Starlink Dishes Will Shut Down if They Reach 122° Fahrenheit

A Starlink beta user in Arizona lost internet service for over seven hours when his satellite dish made a thermal shutdown.
Loukia Papadopoulos

Elon Musk has been aiming for internet speeds of 1Gbps but before he achieves this lofty goal he might want to take a look at how well his satellite dishes work. A new report by Ars Technica, is revealing that dishes perform thermal shutdowns when they reach 122° Fahrenheit (50° Celsius).

A user called Martin discovered this the hard way when his internet stopped working and he received the following error messages which he shared online on a Reddit post: "Offline: Thermal shutdown." The dish "overheated" and "Starlink will reconnect after cooling down."

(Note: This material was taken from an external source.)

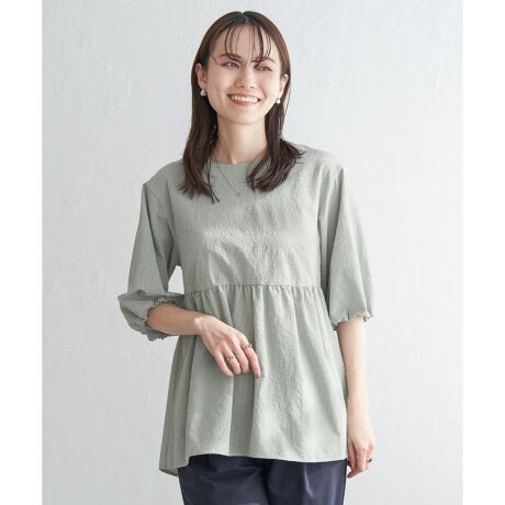 凹凸感のあるさらっとしたサッカー素材を使用し、軽やかな着心地を実現したブラウス。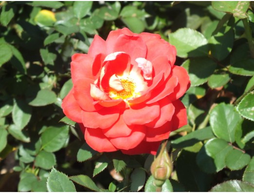 アヤオリ(あやおり)(Rosa Ayaori) 別名、舞(まい) 日本 1989年作出FL パラ科 バラ属 花期、四季咲き 樹高、70cm 花径、7cm花弁24枚で丸弁抱え咲き花色、緋紅色地で黄色み帯びている、中輪 。 2014年10月18日 長居公園

He reached out to Starlink support which said that "Dishy will go into thermal shutdown at 122°F and will restart when it reaches 104° F (50° and 40° Celsius respectively)" He even tried to water down the dish to cool it down which worked but only temporarily.

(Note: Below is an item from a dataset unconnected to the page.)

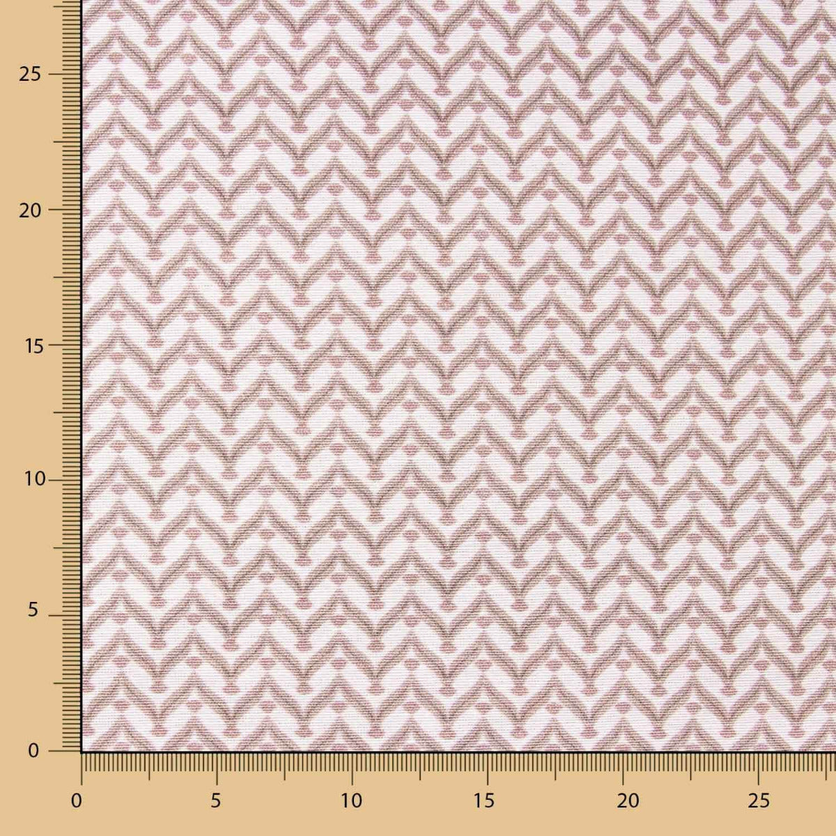 Tela con doble capa de resinado, facilita su limpieza por lo que es ideal para manteles de mesa. Tela con estampado digital de líneas en zig zag en tono marrón sobre base cruda.

"The fix was temporary," he told Ars Technica. "When I stopped the sprinkler, [the dish] heated back up and would cycle back on for a few minutes and go back down for thermal shutdown. The overheating started that day about 11:30 am and came back for good about 7 pm... I'm currently headed to a hardware store to get materials to build a solar shade/sail around the dish to see if it doesn't impact connection and speed."

Is this SpaceX's fault?

No, SpaceX has stated that Dishy McFlatface can operate from 22° below zero up to 104° Fahrenheit (-30° to 50° Celsius). Unfortunately when it comes to electronics, overheating is a big issue and one that is not easily resolved.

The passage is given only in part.